The fire didn’t last. I upended the box and pulled it apart. The cardboard burned only a little longer. The cold coming in more than outdid any warmth from the brief flames. I put out the embers and closed the flue.
I stretched out on the couch, and put my feet up on the far armrest. If I rested, in a few days I’d be ready to climb the fence, or at least to troll the edge of the property, looking for a break in the hedge.
I tried to read. I chose the Linda Paul book because it was on top. It was described on the back as a “romp”: Susan Maud gets into “hot water” pretending to be a famous reclusive novelist who has failed to show up for a party.
Most of the scenes take place in a borrowed manor house, so my imagination had little work to do. Despite the cover illustration, for the heroine I pictured Gretchen’s nanny. She was blond and from the correct era; why not? When, later in the book, contradictory features were specified, the nanny persisted in my mind.

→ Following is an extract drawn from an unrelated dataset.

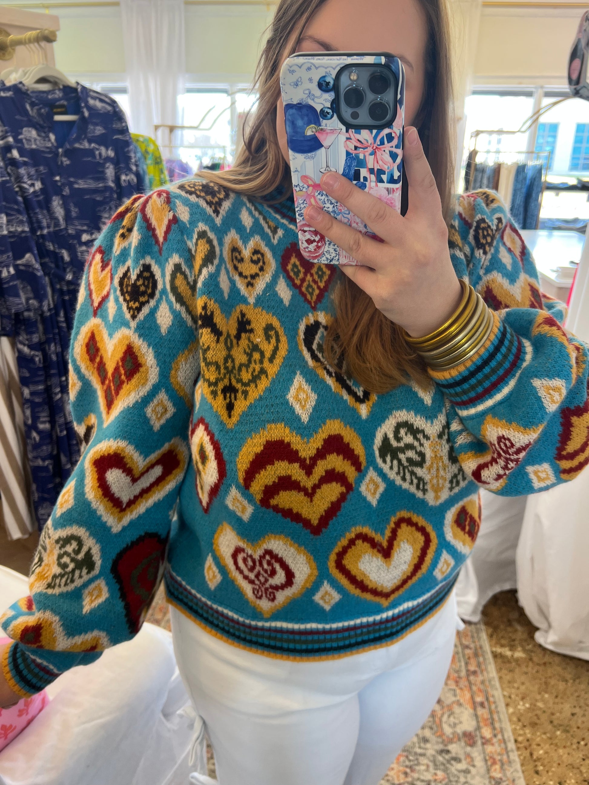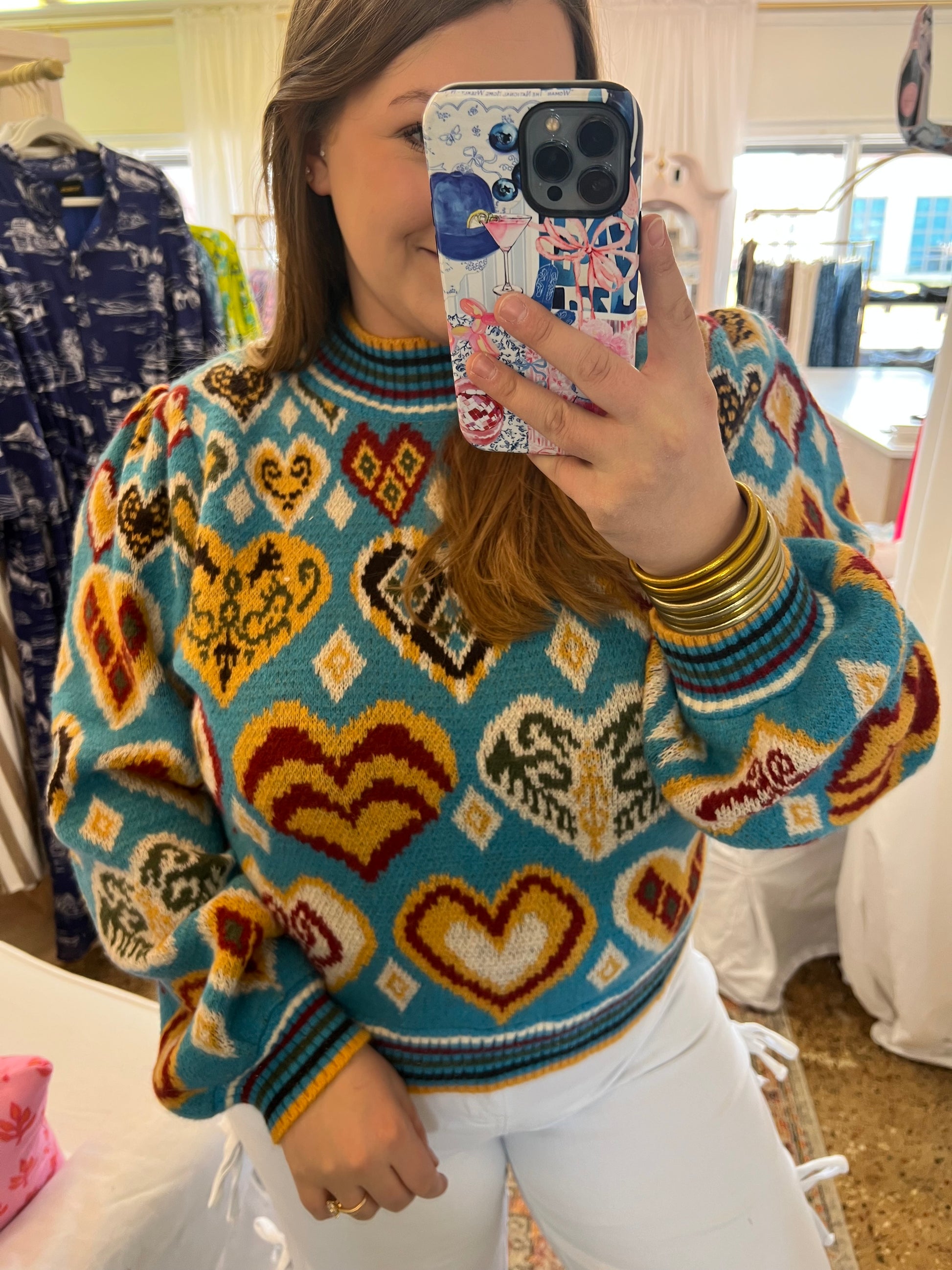 This is the cutest heart sweater! The shorter length and the slight puff shoulders are perfect. Pair with white jeans for the cutest outfit, or pair with slacks for a business casual look.

I thought again of Wesley from cricket camp. Some of the other boys had played a stupid trick. They told Wesley false descriptions of people: ginger hair, fat, even a limp, more and more exaggerated lies to see what they could get away with. Wesley finally caught on. It was horrible. He’d been betrayed in a way we couldn’t comprehend. Despite learning the truth, he couldn’t shake the false images out of his head.
I sat up. Perhaps neither could Gretchen.
The handwritings were intolerably contradictory. Something in our assumptions or her memory wasn’t right. Ginny’s death date? A misprinted year on the newspaper poem? Perhaps there was a third sibling who wrote “Mother” and “Father”; perhaps those older photographs weren’t of relatives at all. What if the whole box had nothing to do with Gretchen? What if a former resident of her mother’s house had left their own family mementoes behind?
No, that was too far. Too many of the photos matched her expectations for the whole to be entirely random. But an idea just as huge loomed up in my mind.
What if the “nanny” was Gretchen’s mother?
Her mother, and perhaps a hanger-on who’d joined Linda Paul for a few adventures, then been cut off? Who then pretended to actually be her idol?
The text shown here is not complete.